INSTRUCTIONS TO FOLLOW: What is wanted is the full listing, word for word, without its pictures.

DATASET EXTRACT:
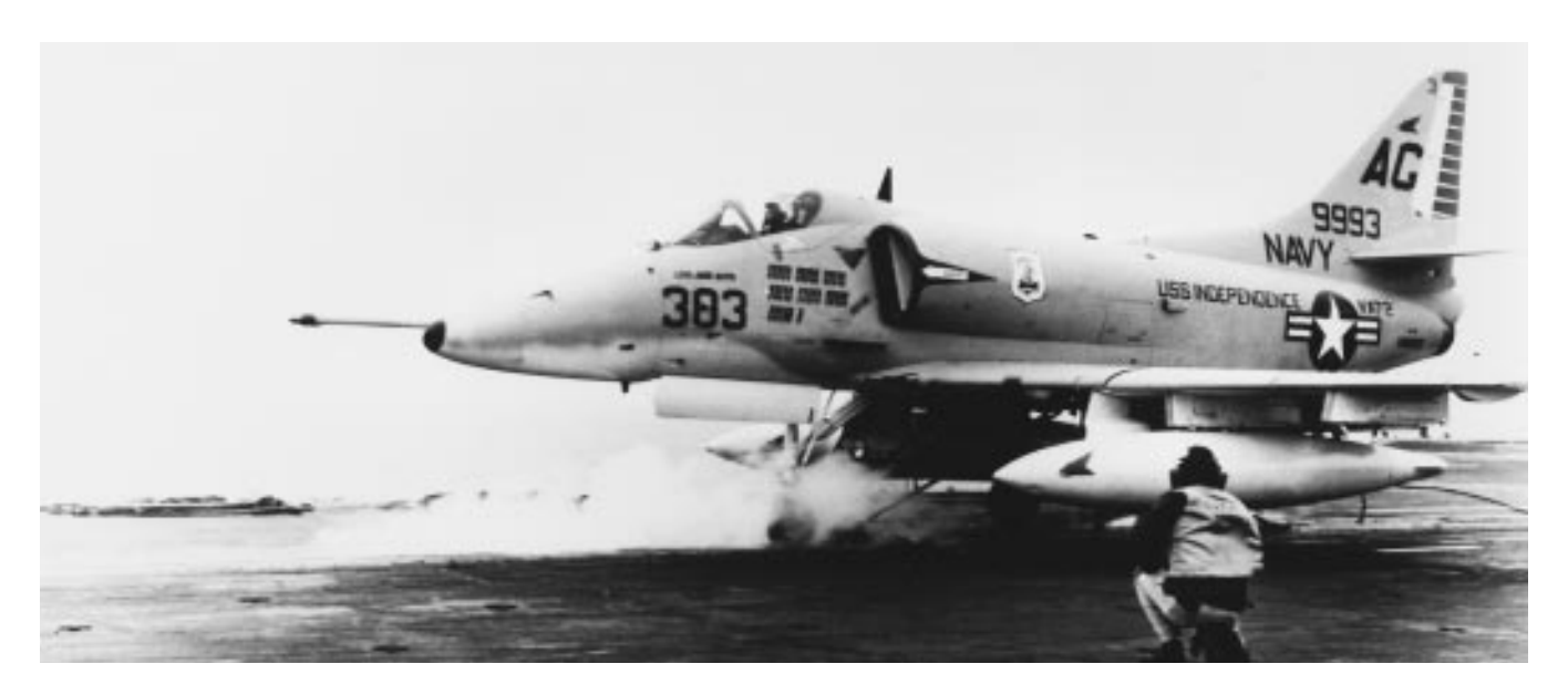
A squadron A-4 Skybawk launches from Independence (CVA 62). Notice the combat markings on the aircraft just forward of the jet intake showing the number of combat sorties flown by the aircraft.
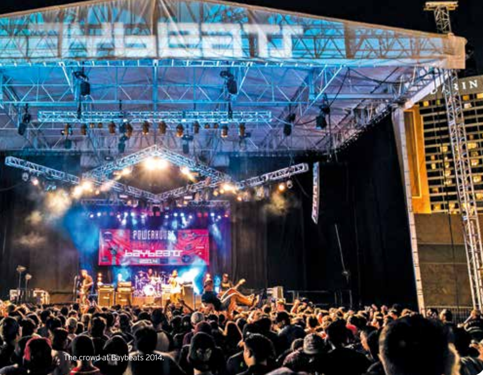
The crowd at Baybeats 2014.
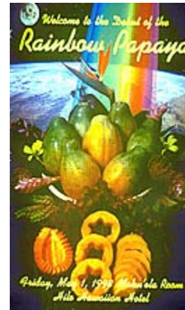
Fig. 4. Front cover of a brochure distributed during the celebration on the inaugural seed distribution of transgenic Rainbow and SunUp to growers on May 1, 1998.

Transgenic line, 55-1, the parent of SunUp and Rainbow, was deregulated (3) within two years after documents were submitted to the Animal Plant Health Inspection Service (APHIS), the Environmental Protection Agency (EPA), and the Food and Drug Administration (FDA). APHIS considered the impact on agricultural environments, EPA considered the pesticidal aspect of the viral coat protein produced by the transgenic papaya, and consultation was held with FDA which considered the food safety aspect of the transgenic papaya. Licenses that were needed to commercialize the transgenic papaya were obtained by April 1998. Seeds were distributed to growers on May 1, 1998 following a celebration held in Hilo, Hawaii (Fig. 4). Efforts to deregulate the transgenic papaya were carried out by the investigators and funding for deregulation and licensing was provided by the Papaya Administrative Committee (PAC), a grower organization regulated under a USDA marketing order. The transgenic papaya could now be used in efforts to translate the hope of controlling PRSV into a reality.

SOLUTION:
A squadron A-4 Skybawk launches from Independence (CVA 62). Notice the combat markings on the aircraft just forward of the jet intake showing the number of combat sorties flown by the aircraft.
The crowd at Baybeats 2014.
Fig. 4. Front cover of a brochure distributed during the celebration on the inaugural seed distribution of transgenic Rainbow and SunUp to growers on May 1, 1998.

Transgenic line, 55-1, the parent of SunUp and Rainbow, was deregulated (3) within two years after documents were submitted to the Animal Plant Health Inspection Service (APHIS), the Environmental Protection Agency (EPA), and the Food and Drug Administration (FDA). APHIS considered the impact on agricultural environments, EPA considered the pesticidal aspect of the viral coat protein produced by the transgenic papaya, and consultation was held with FDA which considered the food safety aspect of the transgenic papaya. Licenses that were needed to commercialize the transgenic papaya were obtained by April 1998. Seeds were distributed to growers on May 1, 1998 following a celebration held in Hilo, Hawaii (Fig. 4). Efforts to deregulate the transgenic papaya were carried out by the investigators and funding for deregulation and licensing was provided by the Papaya Administrative Committee (PAC), a grower organization regulated under a USDA marketing order. The transgenic papaya could now be used in efforts to translate the hope of controlling PRSV into a reality.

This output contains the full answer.